Monday, November 5, 2012

Obama, the Virtual Challenger

Victor Davis Hanson
Making no attempt to defend his record, he talks of what he “would” do in a second term.

In these last days of the race, Obama counts on the news of Sandy turning attention away from Romney’s October momentum, to photo-ops of himself in a monogrammed bomber jacket trying to look presidential. The more Benghazi creeps into the news, the stranger the silence from the Obama administration. But the real story is that almost all of the hope of 2008 has ended in the fear and loathing of 2012.

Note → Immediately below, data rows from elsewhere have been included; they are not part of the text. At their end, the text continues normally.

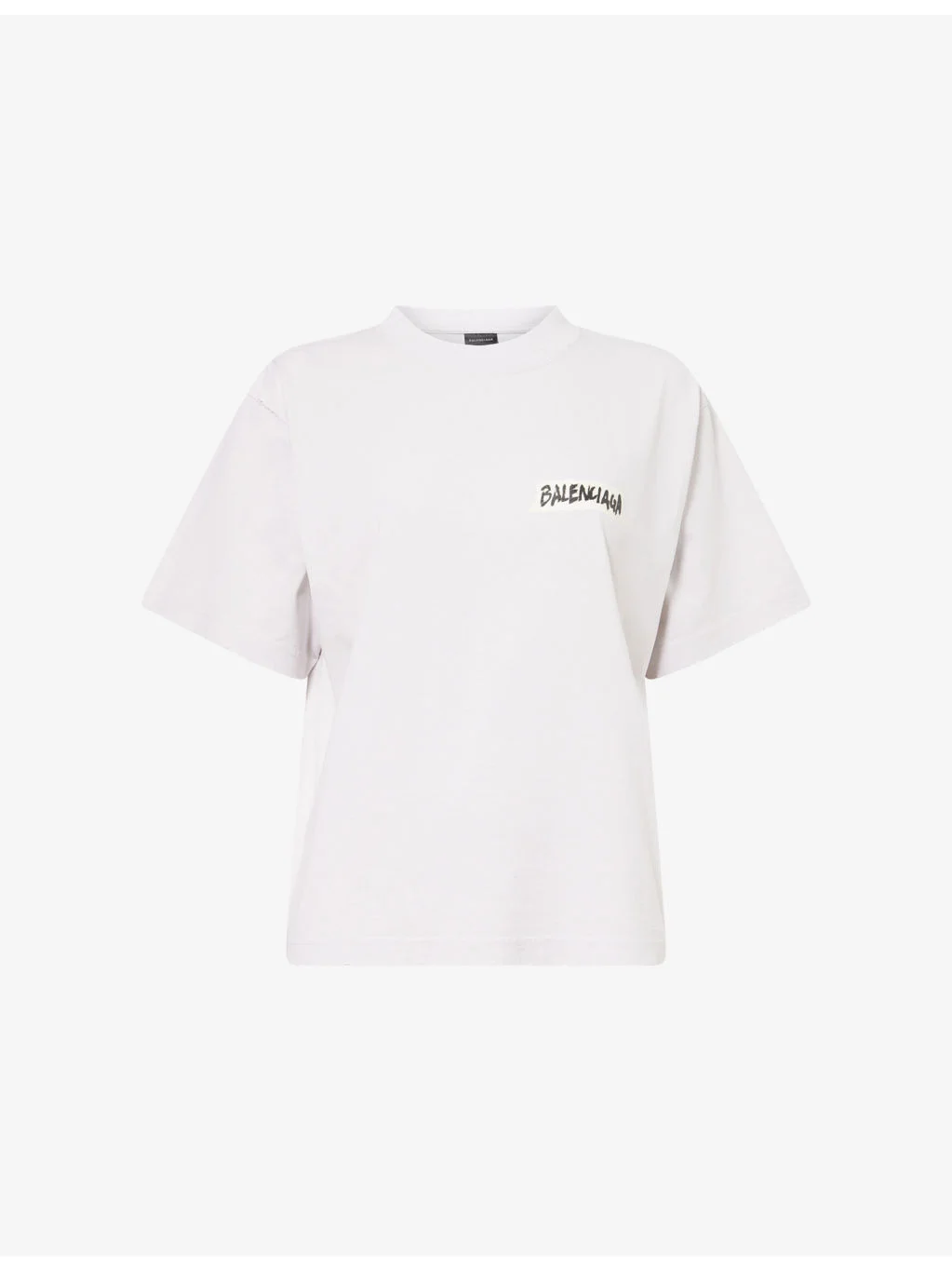 PRODUCT DETAILS - Balenciaga cotton t-shirt - 100% cotton - Relaxed fit, round neck short sleeves, printed logo at front and back - Machine wash at 30°C - Made in Portugal - True to size - Model is 5ft 10in/1.78m and wears a size small - Lightweight, stretchy Ref: R04589013
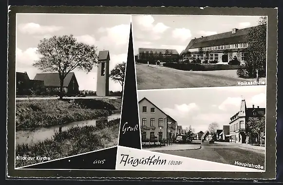 AK Augustfehn /Oldb., Hauptstrasse, Volksschule, Kanalpartie mit Kirche
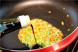 锅里放入少许油,将切好的青红椒末入锅煸炒,这个时候油温不能太高,以免破坏青红椒的颜色,略微煸炒到出来淡黄色了就可以。

Obama has made no real attempt to defend much of what he has done in the last four years. It is as if his first term never existed — no 70 percent approval rating, no Democratic House, no Democratic Senate. Instead we are back to the future as a young Lincolnesque senator, with a clean slate, has come to save us from George W. Bush’s recession, which, we now learn, was caused by plutocrat Mitt Romney all along. Obama is the perpetual challenger, once more running against Bobby Rush, Alan Keyes, Hillary Clinton, and John McCain on all the wonderful things he would do if only he were elected.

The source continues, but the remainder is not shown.